Perez-Vela’s challenge to his 16-level crime of violence enhancement is also unavailing. His Texas conviction for burglary of a habitation qualifies as an enumerated offense for purposes of the enhancement. See United States v. Garcia-Mendez, 420 F.3d 454, 456-57 (5th Cir.2005). Notwithstanding his argument to the contrary, James v. United States, — U.S.-, 127 S.Ct. 1586, 167 L.Ed.2d 532 (2007), does not overrule this court’s precedent on this issue. See United States v. Gomez-Guerra, 485 F.3d 301, 303 & n. 1 (5th Cir.), cert. denied, — U.S.-, 128 S.Ct. 156, 169 L.Ed.2d 106 (2007).

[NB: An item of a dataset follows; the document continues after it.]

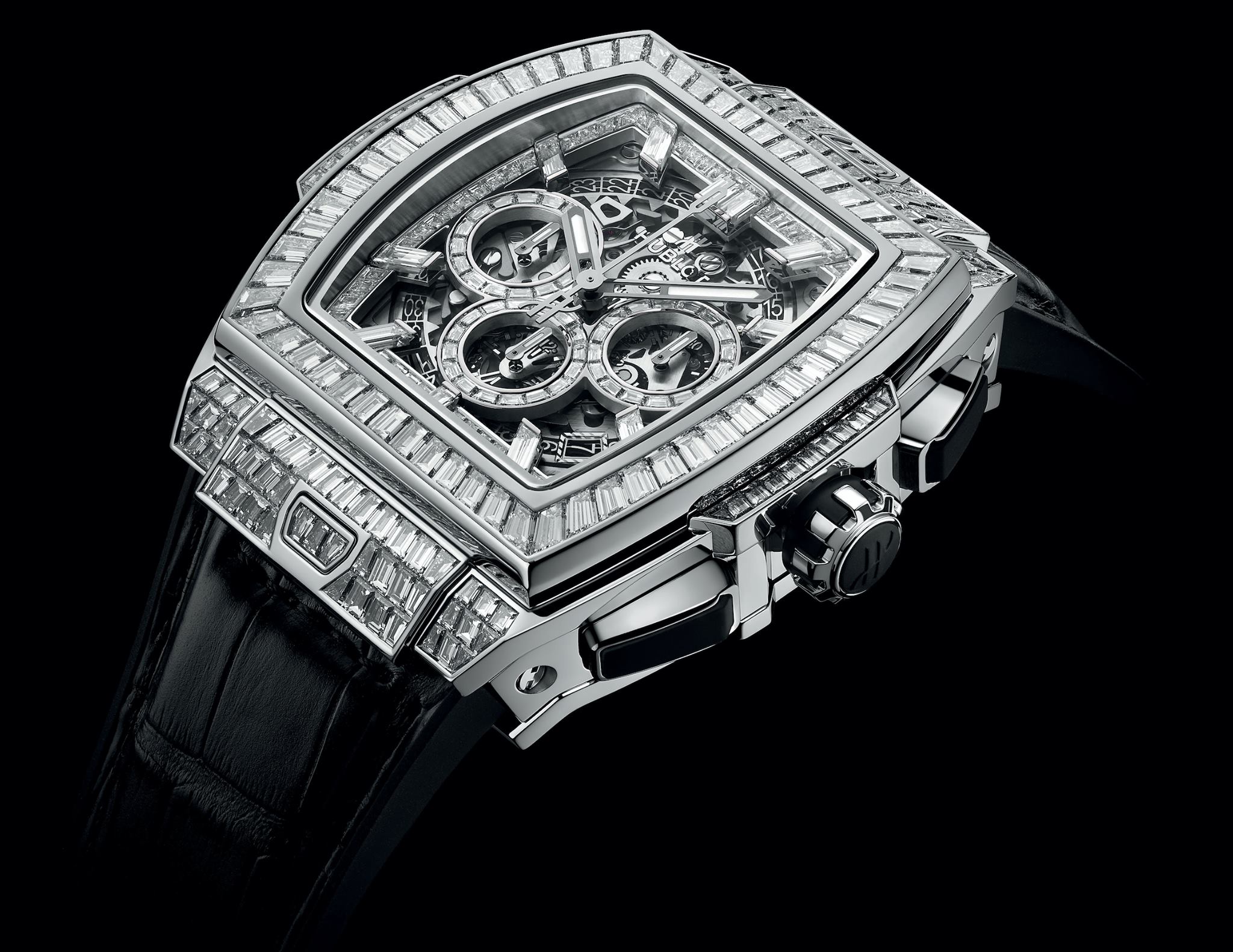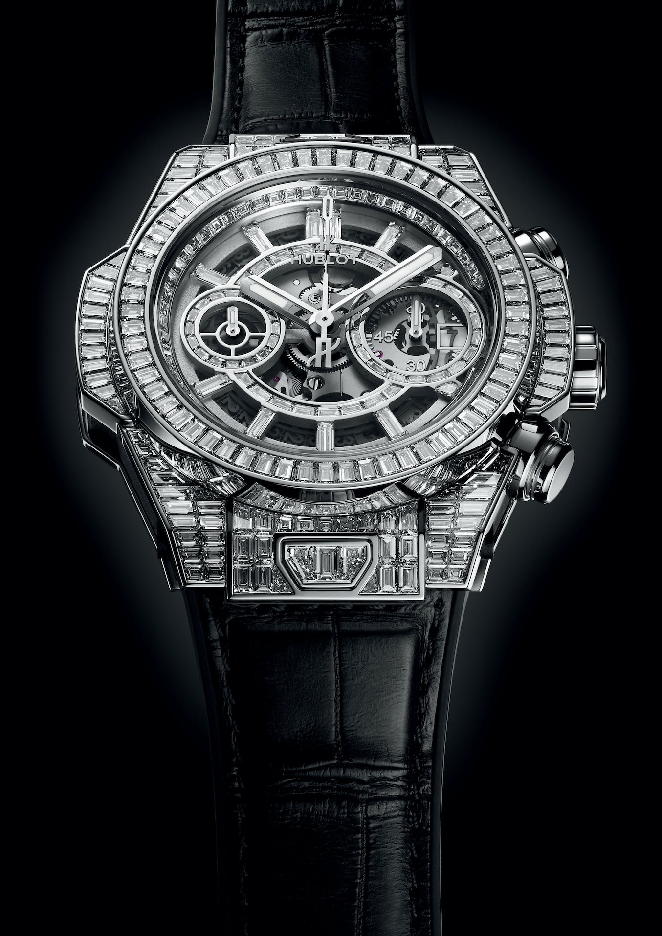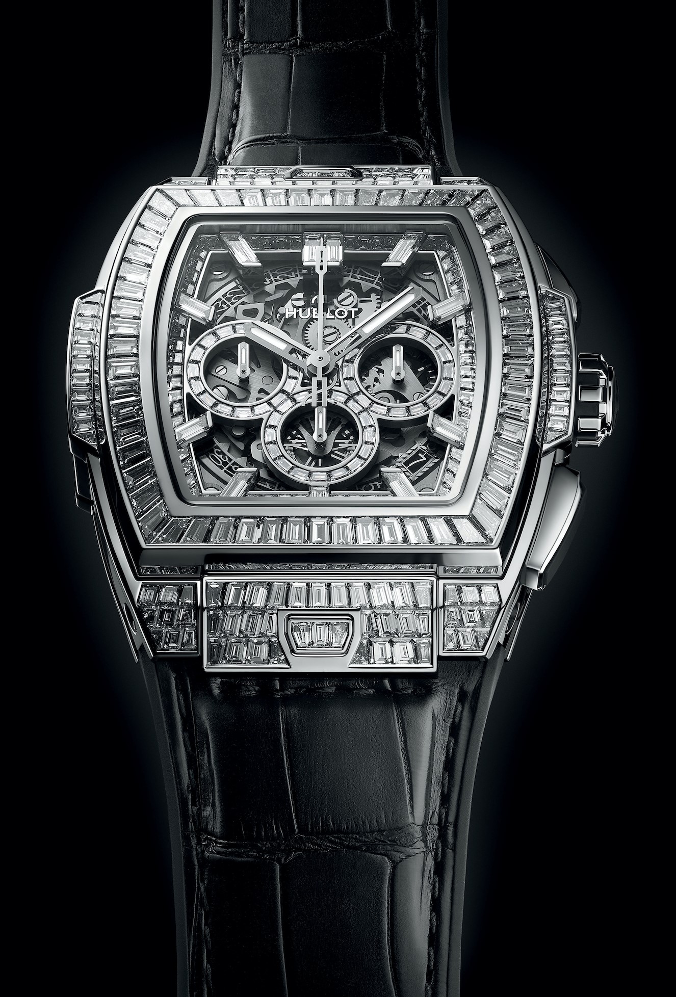 Dotado de 334 diamantes de talla baguette y 12,5 quilates dispuestos en filas estrechas de engastes cerrados invisibles sobre un lienzo de oro blanco de 18 quilates, 243 diamantes (8,6 quilates) engalanan la caja de 42 mm y el bisel, mientras que 61 piedras (1,3 quilates) otorgan una opulencia contemporánea a la carátula. En su interior vibra un calibre de cronógrafo flyback HUB1280 de desarrollo interno Unico 2 con una arquitectura completamente novedosa e innovaciones que incluyen un segundo embrague oscilante y un sistema de fricción de cronógrafo con rodamiento de esferas ajustable. Se han registrado cuatro solicitudes de patente para esta maravilla de la tecnología, que se ha combinado con una correa de piel de aligátor con hebilla desplegable y 30 diamantes engastados (2,6 quilates).

In light of Apprendi, Perez-Vela challenges the constitutionality of § 1326(b)’s treatment of prior felony and aggravated felony convictions as sentencing factors rather than elements of the offense that must be found by a jury. This argument is foreclosed by Almendarez-Torres v. United States, 523 U.S. 224, 235, 118 S.Ct. 1219, 140 L.Ed.2d 350 (1998). United States v. Pineda-Arrellano, 492 F.3d 624, 625 (5th Cir.2007), cert. denied, — U.S. -, 128 S.Ct. 872, 169 L.Ed.2d 737 (2008).
AFFIRMED.
Pursuant to 5th Cir. R. 47.5, the court has determined that this opinion should not be *406 published and is not precedent except under the limited circumstances set forth in 5th Cir. R. 47.5.4.